An Interview with Don Reinertsen (1/2)
Applying Batch Size to Product Development: Unconventional Wisdom about Speed and Flexibility - Part 1

PDBPR: Recently, you presented some surprising data suggesting that very few developers wait until they have most requirements before starting design work. Where did your data come from and what is it telling us?

Reinertsen: The data comes from 500 attendees of my class at CalTech over the last 10 years. It’s a statistically robust sample from many different industries. It shows that most design work begins long before all requirements are known. For every developer who waits until 80 percent or more of requirements are known, there are 6 developers who have already begun designing.

PDBPR: Given that most people are beginning the design phase with incomplete knowledge of requirements, what’s the indication that you know enough to begin design?

Reinertsen: The question I would always ask is this: ‘Do I have enough information to do useful work?’ The notion that you need all of the requirements before you begin designing is tied to the concept that requirements are a monolithic entity that can only be complete and usable, or incomplete and unusable. In reality, requirements can be decomposed into subsets of data of differing importance, and which are needed at different times. Therefore, it makes sense to finalize the requirements on the portion of the design that we need to work on first, and proceed with this work while we resolve other less urgent requirements.

For example, if I’m designing a cell phone, I eventually must decide what words will appear on the display. However this can be decided very late in the process since it can be easily modified in the software. But, I cannot postpone deciding how big the screen is going to be. The size of the LCD display affects the package size, the chips I use to drive the display, etc. You don’t want your marketing people researching what words to use until they freeze screen size. The general principle is to focus first on the characteristics of the phone that are preventing the designers from working on the design.

PDBPR: And this relates to the way in which you apply "batch size" to product development.
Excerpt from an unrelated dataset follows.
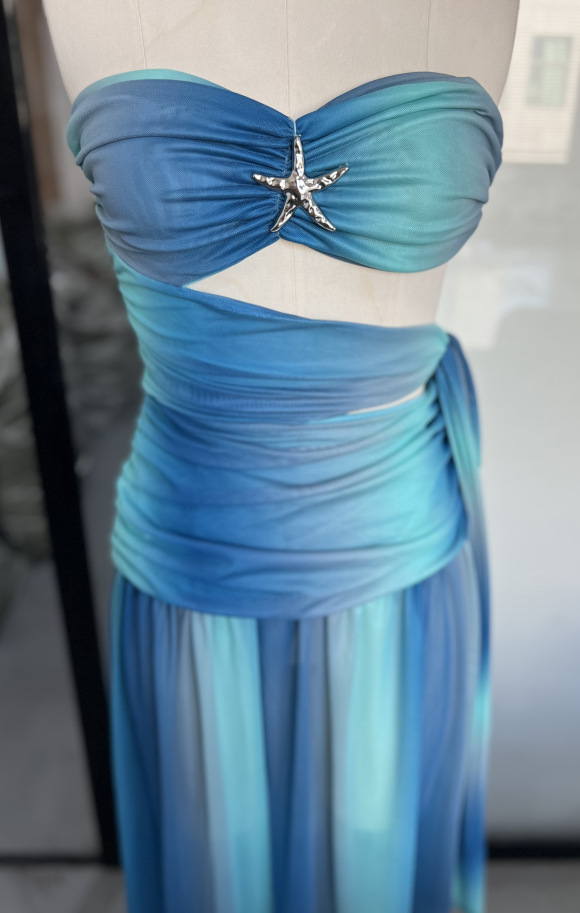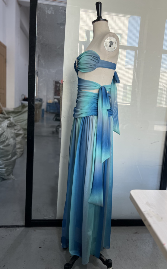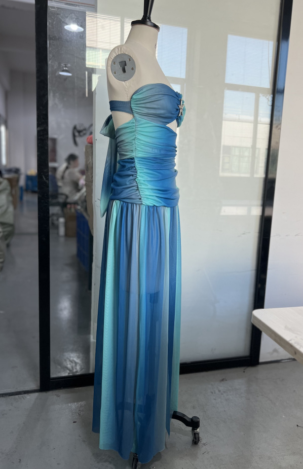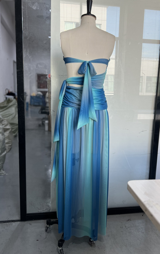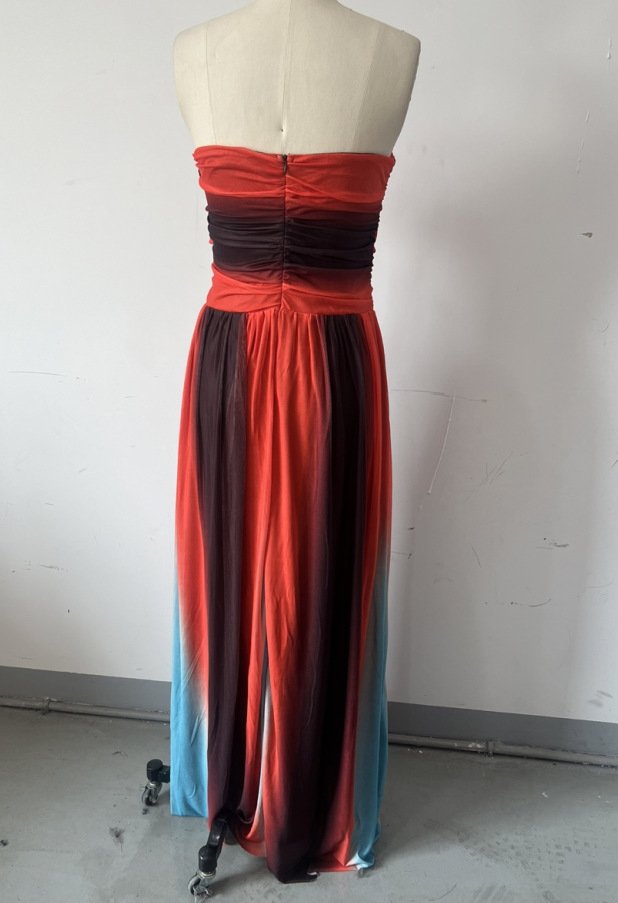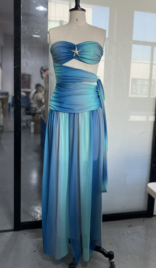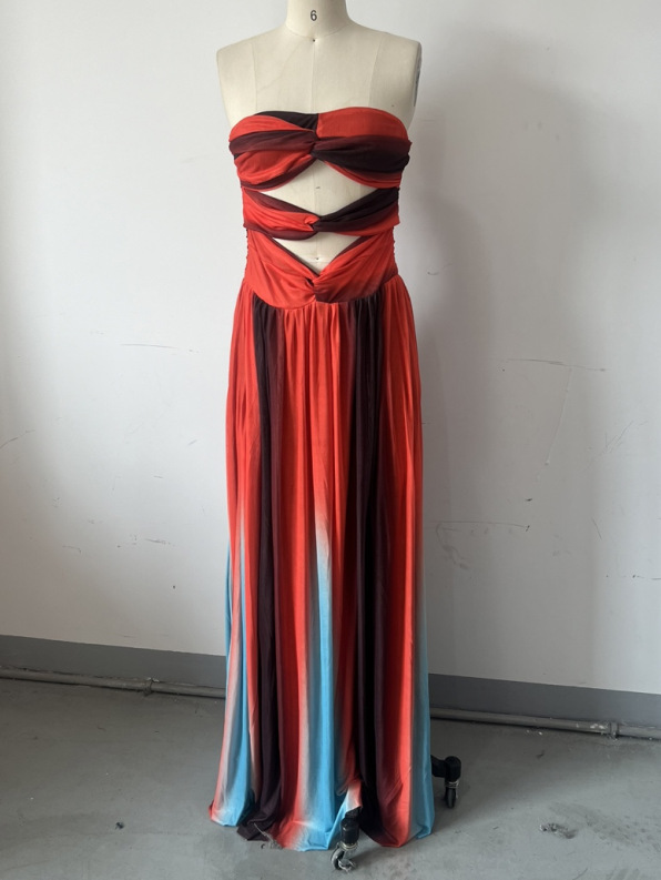 2025 년 봄과 여름 국경 대외 무역 새로운 기질 스트랩리스 할로우 등이없는 색상 매칭 긴 원피스

Reinertsen: Exactly. If you go to the average product developer today and ask, ‘what is the batch size you’re using in product development and why?’ their response would be ‘what do you mean by batch size and why would I be interested in it?’ It’s simply not a conceptual frame through which most developers look at their process. Yet, the notion that we need all requirements prior to the design phase is analogous to saying that the only batch size in which I can deliver requirements is 100% of the work product. Because they are unaware of batch size most product developers use larger batch sizes than they should.

PDBPR: And in product development, what we’re generally dealing with is batches of information – the batch sizes in which information is transferred.
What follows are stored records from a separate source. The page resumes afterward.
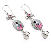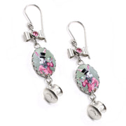 Each handcrafted piece is set in silver and framed by dainty bows and shimmering pink crystals for an extra dose of sweetness. Tiny silver teacups dangle below, catching the light and adding a sense of movement and joy to every wear.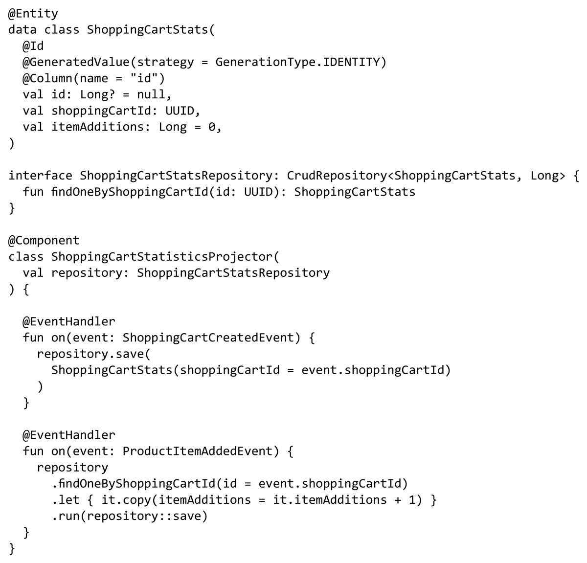 Die aus der Domänenlogik entstehenden Events werden nicht nur für die Rekonstruktion des Aggregate-Zustands herangezogen, sondern lassen sich mit Axon beliebig weiterverarbeiten. Man spricht hierbei auch von Projektionen, da die Events dabei in spezifische Read-Modelle überführt werden. Insofern sind die dafür verantwortlichen Event-Handler meistens technologiebehaftet und zählen streng genommen nicht zur Domänenlogik.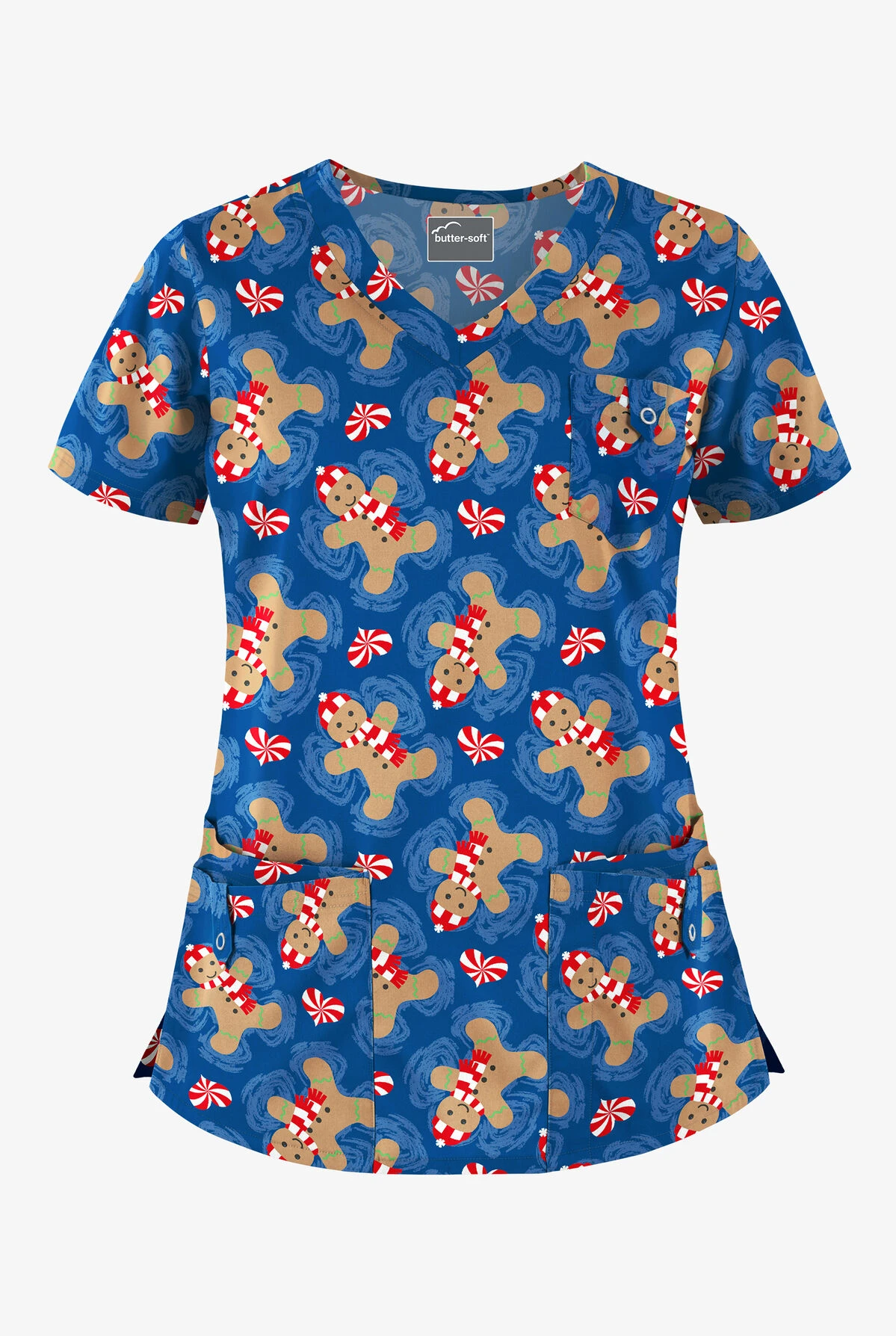 Butter-Soft Cookie Angel Royal Women’s 5-Pocket Rounded V-Neck Print Scrub Top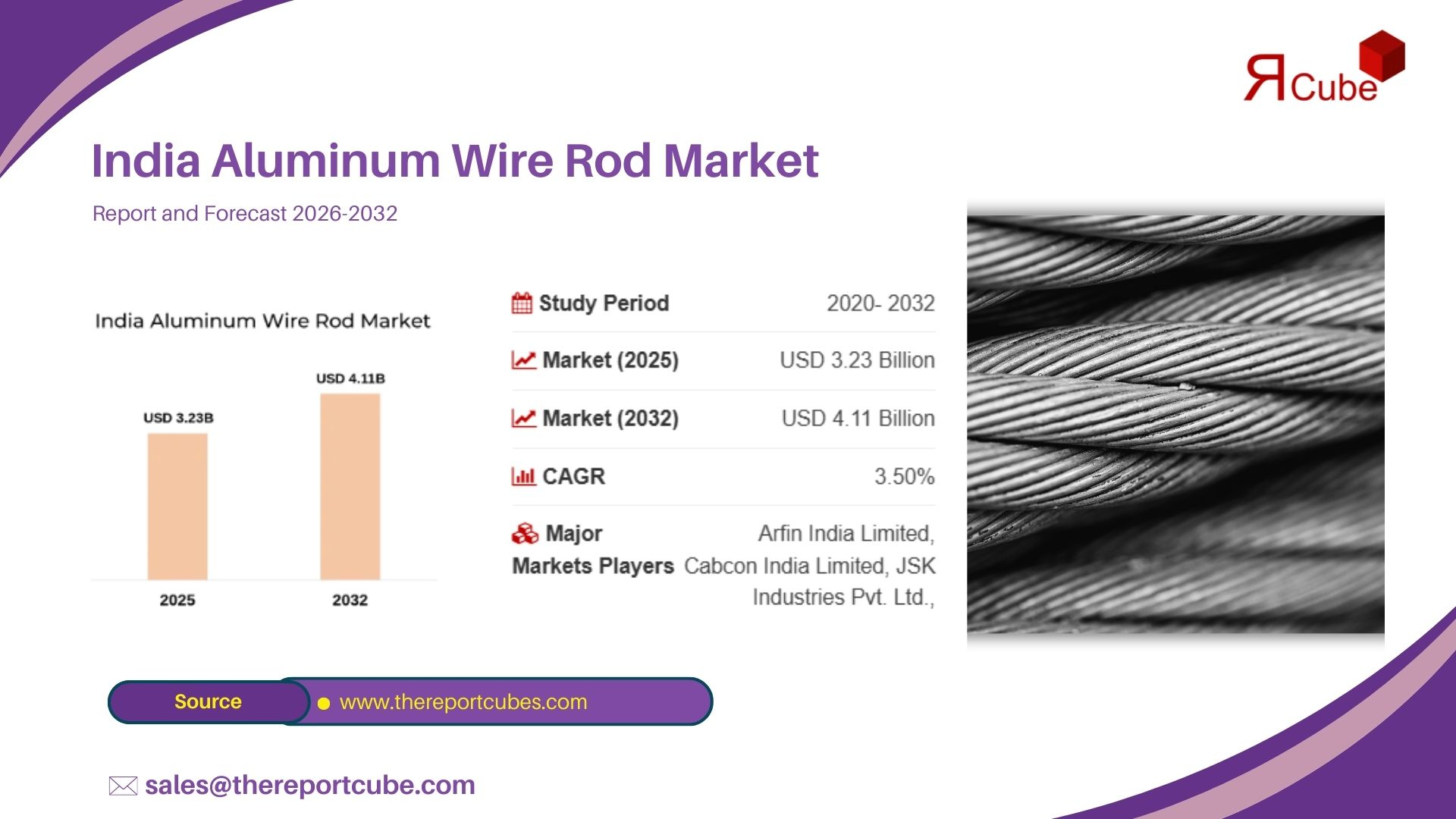 According to The Report Cube, India Aluminum Wire Rod Market Research Report (2026–2032), the market reached an estimated value of USD 3.23 Billion in 2025. Based on current industry structure and observed demand patterns, the market is forecast to reach USD 4.11 Billion by 2032, expanding at a compound annual growth rate (CAGR) of 3.50%. Over the forecast period 2026-2032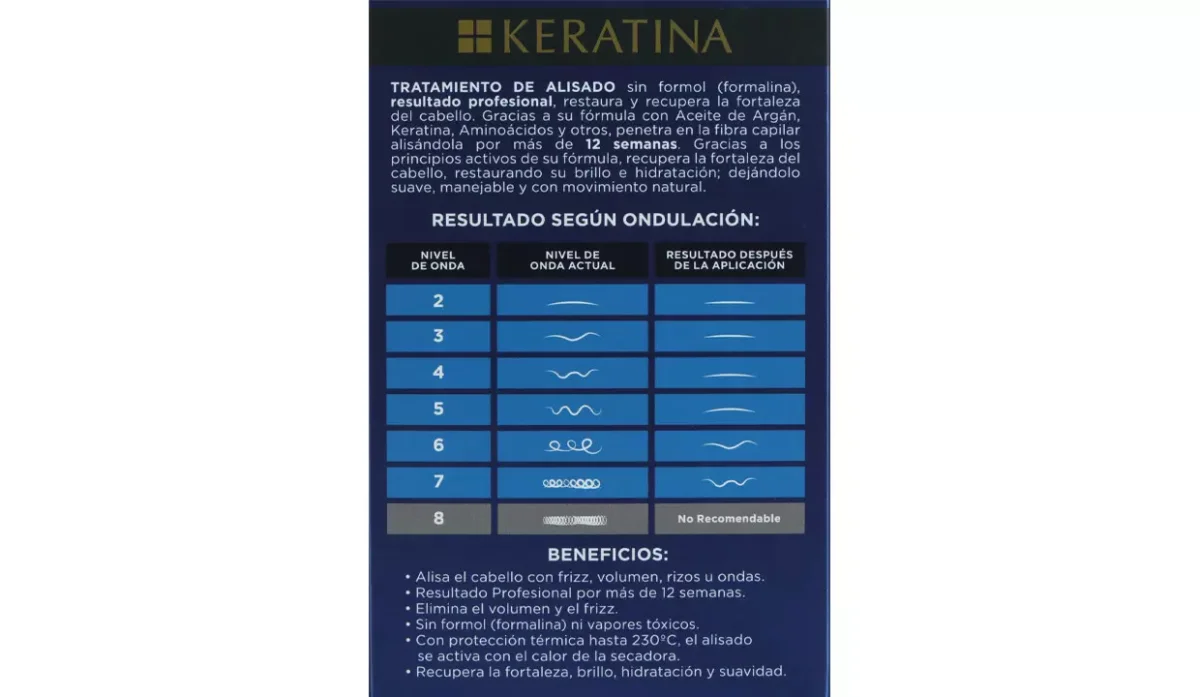 - Su fórmula con aceite de argán, keratina, aminoácidos, penetra en la fibra capilar alisándola por más de 12 semanas.

Reinertsen: Yes. Many product developers only think of batch size as it applies to physical objects. Yet, the same concept applies to the size of the batches with which we handle information. For example, if we write 5,000 lines of code before we run a test, our batch size is ten times higher than if we write 500 lines before we run a test.

PDBPR: But isn’t it the case that as you decrease the batch size in which information is transferred, you’re increasing the quantity of information transfers? It seems that there must be risks and costs to increasing the number of transfers you’re doing, for example, version control problems, the likelihood of introducing errors, and a potential overall increase in chaos and confusion. How do you address this?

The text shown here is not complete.